Throughout the picture there’s a constant war between the spiritual and philosophic concerns of the content and the overbearing aesthetics and grandiosity of the production. The brother-against-brother storyline isn't properly milked for its dramatic potential as we’re initially told it’s going to be. Instead, midway through, Moses and Ramses are full-on enemies and that’s pretty much that.  There’s a small but significant thematic thread dealing with Moses’ increasingly taxing relationship with the elusive Biblical God, and every so often those concerns are dealt with in a semi-thoughtful and humanistic way; first when Moses is abruptly asked to leave his family to save his people, and then later as God instructs him sit and watch the Egyptians he grew up with tortured and killed by a host of terrifying plagues.
          The scenes depicting Moses’ struggle with his faith is about the only relatable thing here as the majority of the film feels and looks like a Las Vegas production, bathed in gold-tinted color-corrected lighting schemes, and spotlighting  a cast of Caucasian actors cheaply bronzed to look more ethnic , wearing bejeweled accessories and thick drag-queen eyeliner.
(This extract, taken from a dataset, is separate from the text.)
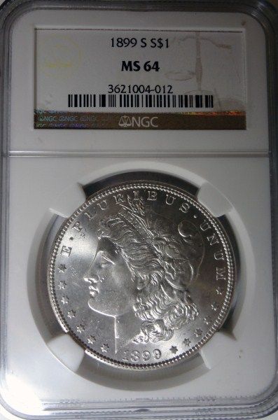 1899-S MORGAN DOLLAR NGC MS64, IT WAS GRADED 65 BY NGC AND REDUCED TO 64

Not helping this is a series of distracting and smirk-inducing casting choices with equally bizarre performances, including John Turturro as Moses and Ramses’ king father, Sigourney Weaver as their queen mother, who, with the exception of one scene, is seemingly only there to walk in and out of rooms, and Breaking Bad’s Aaron Paul as a crazy-eyed Hebrew slave who has looks as if he had a bad month and wandered on set without any discernible direction.
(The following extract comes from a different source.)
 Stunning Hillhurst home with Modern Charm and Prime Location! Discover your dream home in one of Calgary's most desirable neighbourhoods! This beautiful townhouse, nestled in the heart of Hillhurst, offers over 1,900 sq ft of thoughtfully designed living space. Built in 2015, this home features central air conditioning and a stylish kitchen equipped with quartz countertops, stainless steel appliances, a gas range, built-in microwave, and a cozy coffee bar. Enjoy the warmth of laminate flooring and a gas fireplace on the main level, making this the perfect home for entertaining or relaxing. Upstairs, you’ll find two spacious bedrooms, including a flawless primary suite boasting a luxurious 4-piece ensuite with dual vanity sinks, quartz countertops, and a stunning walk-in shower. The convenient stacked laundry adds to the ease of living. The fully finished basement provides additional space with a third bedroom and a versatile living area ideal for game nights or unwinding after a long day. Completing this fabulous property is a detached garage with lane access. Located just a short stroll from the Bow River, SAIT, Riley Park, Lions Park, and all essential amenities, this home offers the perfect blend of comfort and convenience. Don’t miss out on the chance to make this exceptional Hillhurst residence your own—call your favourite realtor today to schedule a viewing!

         You can always expect a level of technical craft when it comes to a Riddley Scott production and you certainly get that here.  The sets are lavish, the cinematography is atmospheric and the special effects sequences such as the plagues and famed parting of the Red Sea, visually captures your attention. But despite Scott’s minimal attempt at humanizing this tale, a large gilded heap of camp buries the story elements and turns this overlong  epic into a theatrical Circ de Sole performance, and like a well-lit show at the Luxor, it has its entertainment value even if it lacks artistic credibility.